Start of PROVIDED ENTRIES

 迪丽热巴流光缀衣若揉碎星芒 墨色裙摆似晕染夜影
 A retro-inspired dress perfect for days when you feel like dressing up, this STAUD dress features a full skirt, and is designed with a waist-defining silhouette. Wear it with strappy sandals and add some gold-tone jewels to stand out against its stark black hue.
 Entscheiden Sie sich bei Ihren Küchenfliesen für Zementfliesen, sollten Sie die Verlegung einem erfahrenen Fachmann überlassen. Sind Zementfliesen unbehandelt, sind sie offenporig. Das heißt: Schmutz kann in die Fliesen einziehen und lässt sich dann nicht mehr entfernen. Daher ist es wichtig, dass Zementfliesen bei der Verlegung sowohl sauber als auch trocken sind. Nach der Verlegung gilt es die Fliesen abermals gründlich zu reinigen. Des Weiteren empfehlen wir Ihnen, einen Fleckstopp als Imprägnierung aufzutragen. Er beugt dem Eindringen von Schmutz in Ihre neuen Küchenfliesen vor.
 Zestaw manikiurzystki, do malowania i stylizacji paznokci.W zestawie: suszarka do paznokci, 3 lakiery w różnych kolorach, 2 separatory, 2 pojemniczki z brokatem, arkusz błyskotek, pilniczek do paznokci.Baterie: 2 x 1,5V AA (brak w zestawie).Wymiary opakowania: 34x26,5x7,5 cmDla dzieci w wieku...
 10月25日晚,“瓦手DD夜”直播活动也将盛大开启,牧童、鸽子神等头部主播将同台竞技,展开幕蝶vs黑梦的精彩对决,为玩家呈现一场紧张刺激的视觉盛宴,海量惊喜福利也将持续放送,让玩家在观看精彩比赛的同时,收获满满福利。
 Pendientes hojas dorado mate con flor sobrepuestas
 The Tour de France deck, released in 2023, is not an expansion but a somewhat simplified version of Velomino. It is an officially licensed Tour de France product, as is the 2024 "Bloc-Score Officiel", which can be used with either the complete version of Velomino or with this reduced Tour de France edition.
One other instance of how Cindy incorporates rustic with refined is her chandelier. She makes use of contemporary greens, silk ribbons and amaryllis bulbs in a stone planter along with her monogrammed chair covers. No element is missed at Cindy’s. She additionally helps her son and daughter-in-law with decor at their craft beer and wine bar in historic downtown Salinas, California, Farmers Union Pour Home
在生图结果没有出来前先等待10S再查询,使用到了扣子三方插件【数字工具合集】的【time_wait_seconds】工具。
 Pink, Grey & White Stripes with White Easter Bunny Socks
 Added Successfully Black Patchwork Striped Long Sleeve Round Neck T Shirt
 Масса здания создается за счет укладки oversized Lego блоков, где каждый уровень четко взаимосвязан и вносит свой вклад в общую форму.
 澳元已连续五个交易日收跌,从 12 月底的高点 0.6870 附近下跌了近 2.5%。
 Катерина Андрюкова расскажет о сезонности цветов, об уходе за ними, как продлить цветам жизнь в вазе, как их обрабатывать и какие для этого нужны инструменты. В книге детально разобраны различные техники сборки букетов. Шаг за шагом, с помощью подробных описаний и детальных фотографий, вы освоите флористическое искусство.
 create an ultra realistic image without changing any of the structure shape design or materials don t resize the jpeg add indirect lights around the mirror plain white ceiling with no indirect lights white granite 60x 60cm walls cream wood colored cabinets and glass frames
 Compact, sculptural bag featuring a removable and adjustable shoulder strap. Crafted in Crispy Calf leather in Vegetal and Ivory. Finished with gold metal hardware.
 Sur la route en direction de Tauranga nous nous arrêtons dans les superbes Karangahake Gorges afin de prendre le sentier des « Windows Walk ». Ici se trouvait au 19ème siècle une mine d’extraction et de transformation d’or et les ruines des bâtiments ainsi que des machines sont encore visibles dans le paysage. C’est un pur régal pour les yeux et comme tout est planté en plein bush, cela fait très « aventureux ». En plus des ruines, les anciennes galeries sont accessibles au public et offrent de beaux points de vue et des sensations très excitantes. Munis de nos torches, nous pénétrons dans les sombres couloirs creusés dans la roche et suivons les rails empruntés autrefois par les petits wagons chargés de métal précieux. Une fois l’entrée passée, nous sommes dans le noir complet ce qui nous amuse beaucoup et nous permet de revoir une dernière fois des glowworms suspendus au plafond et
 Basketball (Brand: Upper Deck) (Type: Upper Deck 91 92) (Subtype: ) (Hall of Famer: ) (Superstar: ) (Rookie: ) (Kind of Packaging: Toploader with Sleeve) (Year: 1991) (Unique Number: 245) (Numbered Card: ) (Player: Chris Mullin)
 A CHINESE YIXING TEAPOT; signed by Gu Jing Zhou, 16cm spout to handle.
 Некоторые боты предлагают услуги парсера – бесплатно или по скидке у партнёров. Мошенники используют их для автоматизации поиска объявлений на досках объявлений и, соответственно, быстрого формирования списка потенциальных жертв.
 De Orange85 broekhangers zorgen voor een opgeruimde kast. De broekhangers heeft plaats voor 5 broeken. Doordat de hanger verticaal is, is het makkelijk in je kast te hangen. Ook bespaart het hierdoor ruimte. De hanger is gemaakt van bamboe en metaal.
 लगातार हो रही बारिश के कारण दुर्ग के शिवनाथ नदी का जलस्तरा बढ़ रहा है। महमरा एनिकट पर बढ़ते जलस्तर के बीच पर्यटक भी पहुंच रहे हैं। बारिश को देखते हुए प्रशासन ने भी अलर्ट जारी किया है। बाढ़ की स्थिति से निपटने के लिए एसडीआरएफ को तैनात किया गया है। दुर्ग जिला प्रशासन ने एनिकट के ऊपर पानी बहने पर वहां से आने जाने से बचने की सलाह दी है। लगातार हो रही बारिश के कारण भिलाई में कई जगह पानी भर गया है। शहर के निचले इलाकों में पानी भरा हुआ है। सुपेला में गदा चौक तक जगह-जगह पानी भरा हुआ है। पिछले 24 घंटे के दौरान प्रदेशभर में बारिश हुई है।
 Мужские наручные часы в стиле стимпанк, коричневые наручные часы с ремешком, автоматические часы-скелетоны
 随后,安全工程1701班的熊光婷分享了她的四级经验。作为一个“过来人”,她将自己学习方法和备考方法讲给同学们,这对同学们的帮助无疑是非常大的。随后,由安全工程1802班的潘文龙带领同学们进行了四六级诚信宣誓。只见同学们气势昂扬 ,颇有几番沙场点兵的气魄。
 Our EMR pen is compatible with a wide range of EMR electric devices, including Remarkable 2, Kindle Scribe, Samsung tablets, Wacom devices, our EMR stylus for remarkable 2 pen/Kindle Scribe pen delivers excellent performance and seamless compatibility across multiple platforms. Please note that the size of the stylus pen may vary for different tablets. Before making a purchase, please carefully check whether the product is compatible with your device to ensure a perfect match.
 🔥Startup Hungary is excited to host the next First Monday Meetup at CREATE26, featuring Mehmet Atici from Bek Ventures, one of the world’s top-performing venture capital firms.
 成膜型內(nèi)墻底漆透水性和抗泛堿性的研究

End of PROVIDED ENTRIES

PROBLEM REQUIREMENTS: The answer should be an exact copy of the lines from the first line of the data through the line with "Pendientes hojas dorado" and should contain nothing else.

THE COMPLETED TASK:
 迪丽热巴流光缀衣若揉碎星芒 墨色裙摆似晕染夜影
 A retro-inspired dress perfect for days when you feel like dressing up, this STAUD dress features a full skirt, and is designed with a waist-defining silhouette. Wear it with strappy sandals and add some gold-tone jewels to stand out against its stark black hue.
 Entscheiden Sie sich bei Ihren Küchenfliesen für Zementfliesen, sollten Sie die Verlegung einem erfahrenen Fachmann überlassen. Sind Zementfliesen unbehandelt, sind sie offenporig. Das heißt: Schmutz kann in die Fliesen einziehen und lässt sich dann nicht mehr entfernen. Daher ist es wichtig, dass Zementfliesen bei der Verlegung sowohl sauber als auch trocken sind. Nach der Verlegung gilt es die Fliesen abermals gründlich zu reinigen. Des Weiteren empfehlen wir Ihnen, einen Fleckstopp als Imprägnierung aufzutragen. Er beugt dem Eindringen von Schmutz in Ihre neuen Küchenfliesen vor.
 Zestaw manikiurzystki, do malowania i stylizacji paznokci.W zestawie: suszarka do paznokci, 3 lakiery w różnych kolorach, 2 separatory, 2 pojemniczki z brokatem, arkusz błyskotek, pilniczek do paznokci.Baterie: 2 x 1,5V AA (brak w zestawie).Wymiary opakowania: 34x26,5x7,5 cmDla dzieci w wieku...
 10月25日晚,“瓦手DD夜”直播活动也将盛大开启,牧童、鸽子神等头部主播将同台竞技,展开幕蝶vs黑梦的精彩对决,为玩家呈现一场紧张刺激的视觉盛宴,海量惊喜福利也将持续放送,让玩家在观看精彩比赛的同时,收获满满福利。
 Pendientes hojas dorado mate con flor sobrepuestas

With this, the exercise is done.